Can tail-based sampling create false orphan alerts even when propagation is correct?
Yes. If the sampler drops the parent span but retains the child, the child’s parent_id points to a non-existent span, triggering orphan alerts. Use ParentBasedSampler so children are only retained when their parent is also retained:
from opentelemetry.sdk.trace.sampling import ParentBased, TraceIdRatioBased
sampler = ParentBased(root=TraceIdRatioBased(0.1))
How do I detect orphaned spans in Tempo or Jaeger without inspecting every trace manually?
In Grafana Tempo use { rootSpan = false && parentSpanID = "0000000000000000" }. In Jaeger, filter by parent_span_id=0 in the search UI or via the HTTP API’s tags parameter.
Does patching ThreadPoolExecutor with ThreadingInstrumentor add significant overhead?
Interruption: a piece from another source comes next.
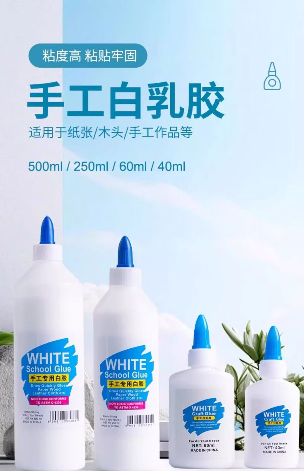 手工白乳胶水木工胶DIY制作速干高粘度学习工具学生文具DIY白胶手工胶环保无甲醛可水洗胶水 白乳胶40ml【4支】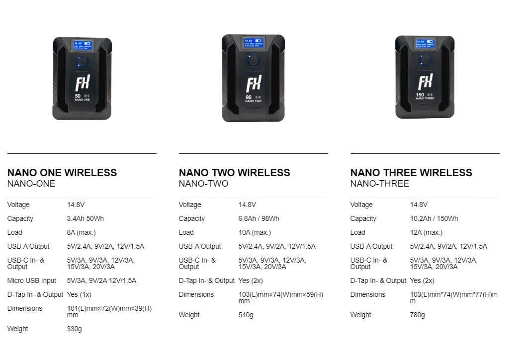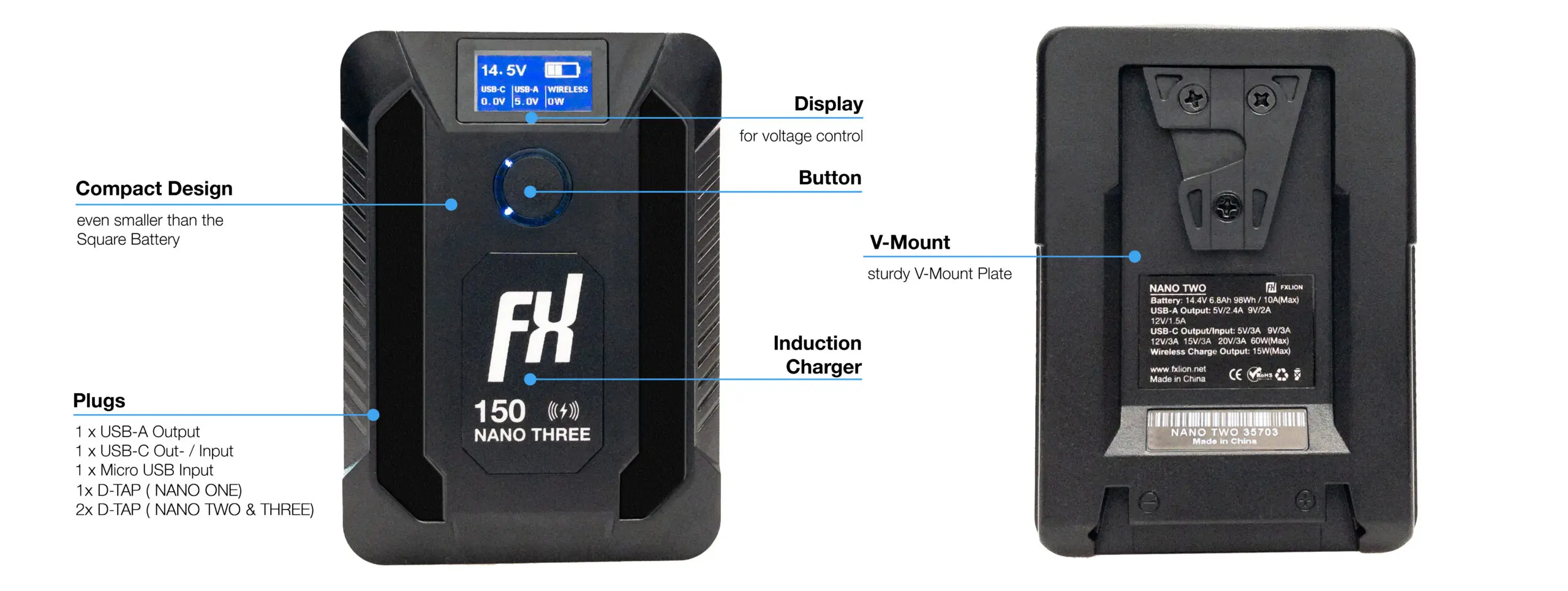 FXlion Nano One Two Three Wireless V-Mount Battery 50/98/150Wh for Cameras DSLR

Roughly 1–3% CPU per context switch. For pipelines above ~10 k RPS, prefer explicit context.attach()/detach() pairs to avoid event-loop contention and GC pressure.
Validation test harness
Before shipping a fix, confirm it with a deterministic in-process test using the InMemorySpanExporter:
from opentelemetry.sdk.trace import TracerProvider, SimpleSpanProcessor
from opentelemetry.sdk.trace.export.in_memory_span_exporter import InMemorySpanExporter
from opentelemetry import trace
exporter = InMemorySpanExporter()
provider = TracerProvider()
provider.add_span_processor(SimpleSpanProcessor(exporter))
trace.set_tracer_provider(provider)
# Run the async workload under test, then assert:
spans = exporter.get_finished_spans()
orphaned = [
s for s in spans
if s.parent is None and s.name != "root_span"
]
assert len(orphaned) == 0, f"Orphaned spans detected: {[s.name for s in orphaned]}"
Success criteria: 100% parent-child linkage in test runs, zero parent_id == null anomalies in production monitoring dashboards, and context propagation latency under 50 µs across boundaries.